Public sentiment was anti-war for a long time after WW1 given the horrible, seemingly pointless nature of that conflict. It all depends on outcomes and whether or not the glamour of war stands up to how people perceive the realities thereof.

I'm not saying the glorification is inaccurate, but I do feel like the point will be missed by a lot of viewers largely because of how the ending unfolds.

The 'heartwarming' obit for George and the end of the Churchill speech both got cheers in my theater despite the fact that they're both blatant lies meant to help us get over the brutality we just watched.

I'm sure Nolan understands the irony there but a lot of his viewers won't. It's not meant to be a critique of his work. I just don't think a movie can overcome the seemingly inherent trap of glamorizing war.

I think that the movie doesn't glamorize war at all. I think it's very clear from the get go - with all these people trying to do everything they can to cheat their way's off the beach. And it's kind of cemented when the old man says "We Have a Duty" and how it plays out with Cillian Murphy's Character. Those are some of the only pieces of dialogue in this film.
"You shouldn't go to Dunkirk you should go home." "If we don't go to Dunkirk there won't be any home to go to."

It kind of continues with the french soldier stuff - and how scared and incapable of doing anything all the soldiers in the those scenes are shown to be. The old blind man kind of seals it.

The movie doesn't show any kind of heroism or war worship. I don't read the juxtaposition of Churchill's speech with the entire film's past events as spelling this out.

Sometimes you have to fight evil - you have to be willing to stand up to it. It's literally part of your duty as a human being. Despite all the horribleness involved in doing so sometimes. Even if it involves losing everything - like many of the figures in the movie end up doing. That doesn't make them any less right in their endeavor. That doesn't make war glorious.

I think that sentiment is best explained thusly:


quote:

Four score and seven years ago our fathers brought forth on this continent, a new nation, conceived in Liberty, and dedicated to the proposition that all men are created equal.

Now we are engaged in a great civil war, testing whether that nation, or any nation so conceived and so dedicated, can long endure. We are met on a great battle-field of that war. We have come to dedicate a portion of that field, as a final resting place for those who here gave their lives that that nation might live.
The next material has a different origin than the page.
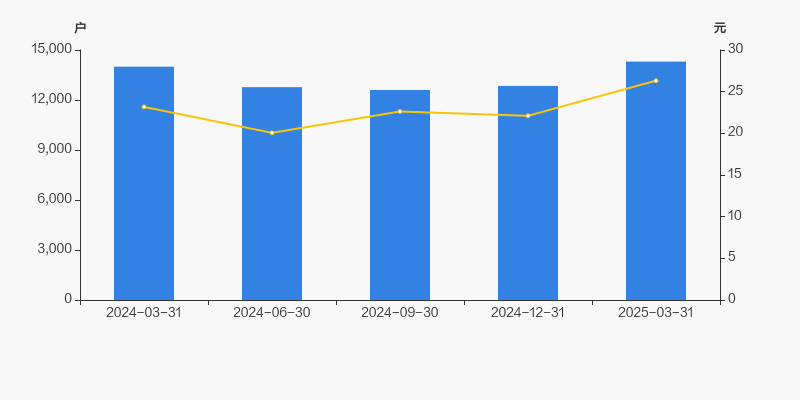 2024年3月31日至今,公司股东户数有所增长,区间涨幅为2.18%。2024年3月31日至2025年3月31日区间股价上涨13.58%。

It is altogether fitting and proper that we should do this.

But, in a larger sense, we can not dedicate -- we can not consecrate -- we can not hallow -- this ground. The brave men, living and dead, who struggled here, have consecrated it, far above our poor power to add or detract. The world will little note, nor long remember what we say here, but it can never forget what they did here. It is for us the living, rather, to be dedicated here to the unfinished work which they who fought here have thus far so nobly advanced. It is rather for us to be here dedicated to the great task remaining before us -- that from these honored dead we take increased devotion to that cause for which they gave the last full measure of devotion -- that we here highly resolve that these dead shall not have died in vain -- that this nation, under God, shall have a new birth of freedom -- and that government of the people, by the people, for the people, shall not perish from the earth.